Então é isso galera. Espero que tenha conseguido transmitir, nesse singelo artigo, um tema que considero importante para “nós”. E assim ressaltar que nós como programadores, não analista de sistemas e nem tão pouco digitadores, devemos também dedicar um tempo a assuntos como esse discutido aqui.
No próximo artigo falarei sobre o Padrão de Projeto GoF e (tentarei) mostrar os seus respectivos diagramas de classe (ou código mesmo). Afinal de contas UML serve muito bem pra isso.
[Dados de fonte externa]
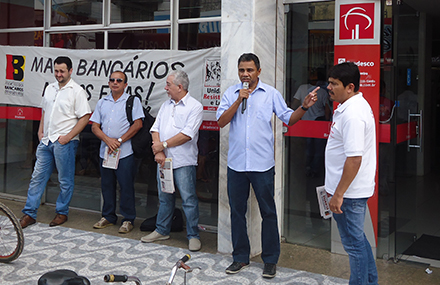 Na quarta-feira (06/08), o Sindicato realizou um protesto em frente ao Bradesco Centro cobrando o fim das demissões imotivadas e das demais práticas abusivas. Se nenhuma providência for tomada, o SEEB-MA vai denunciar o caso aos órgãos competentes e paralisará a agência por tempo indeterminado.
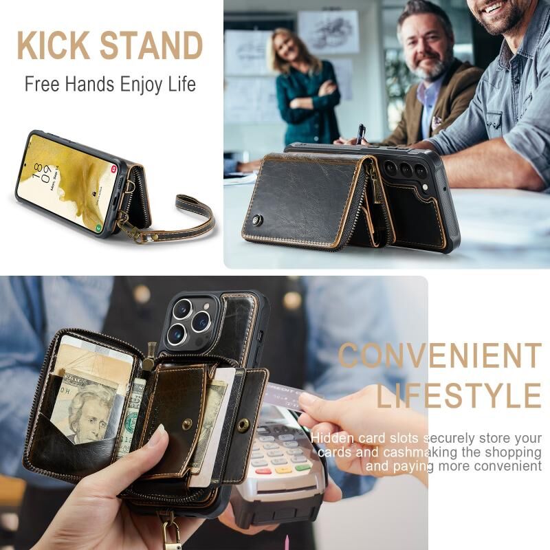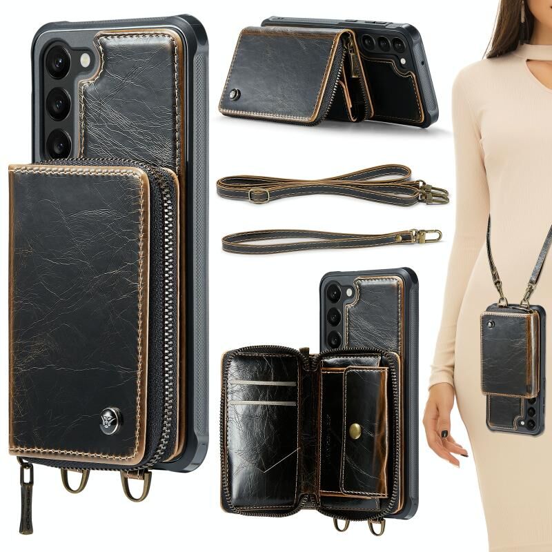 Για Samsung Galaxy S23 5G JEEHOOD C22 σειρά φερμουάρ πορτοφόλι δερμάτινη θήκη τηλεφώνου με διπλό κορδόνι (καφέ) (JEEHOOD)
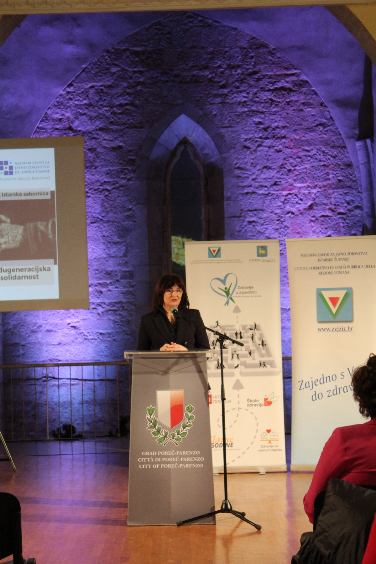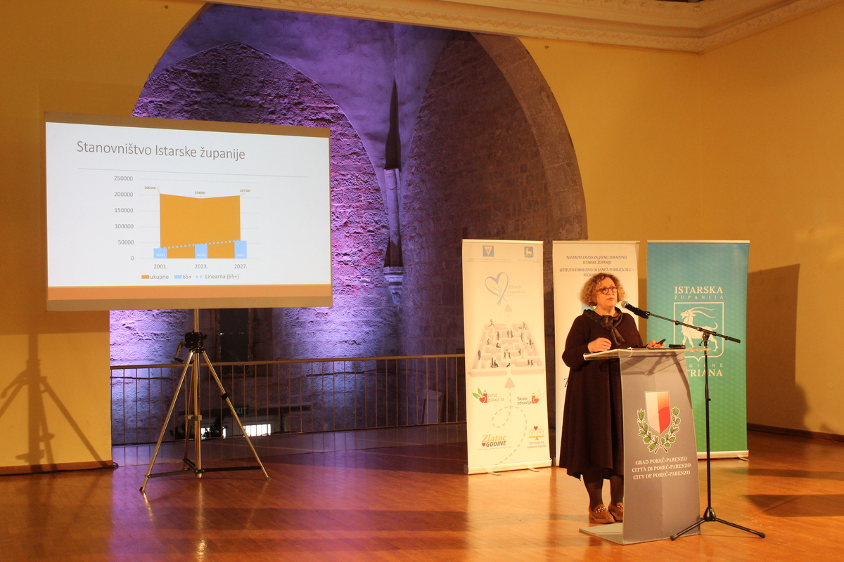 Ovogodišnji skup okupio je brojne stručnjake iz područja javnog zdravstva, socijalne skrbi, obrazovanja i akademske zajednice, s ciljem promicanja kvalitetnog i dostojanstvenog starenja te jačanja međugeneracijskog razumijevanja i suradnje. U uvodnom, pozdravnom dijelu istaknuto je kako zdravo i aktivno starenje ne započinje u starijoj dobi, već se gradi tijekom cijelog života – kroz odnose, znanje, navike i solidarnost među generacijama. Poseban naglasak stavljen je na odgovornost društva u cjelini u stvaranju okruženja koje poštuje dostojanstvo svake osobe. Ravnatelj Nastavnog zavoda za javno zdravstvo Istarske županije, Aleksandar Stojanović naglasio je važnost sustavnog pristupa zdravlju starijih osoba i zahvalio Gradu Poreču - Parenzo, Istarskoj županiji i NZZJZ „Dr.A.Štampar“ na zajedništvu i podršci. Nataša Basanić Čuš, zamjenica gradonačelnika Grada Poreča-Parenzo, je istaknula značaj lokalne zajednice u promicanju međugeneracijske solidarnosti te društvenu koheziju i kontinuirano ulaganje u zajednicu po pitanju starijih osoba. Gordana Antić, zamjenica župana Istarske županije, potvrdila je da Istarska županija priprema Strateški plan za osobe starije životne dobi s ciljem poticanja zdravog i aktivnog starenja te objedinjavanja postojećih dobrih praksi na području svih gradova i općina. Poseban naglasak stavlja se na očuvanje kvalitete života, sprječavanje usamljenosti i prerane institucionalizacije te omogućavanje starijim sugrađanima da što dulje ostanu aktivni i uključeni u zajednicu.

Mas devemos lembrar que GoF não é a única (coletânea) padrão, existem outros como: GRASP Patterns, J2EE Patterns, Testing Patterns, Optimization Coding Patterns, Robustness Coding Patterns, Organizational Coding Patterns e etc…
E velihnho o importante mesmo é saber quando utilizar cada pattern, senão, ao em vez de resolver um problema, acabamos duplicando a problemática do mesmo.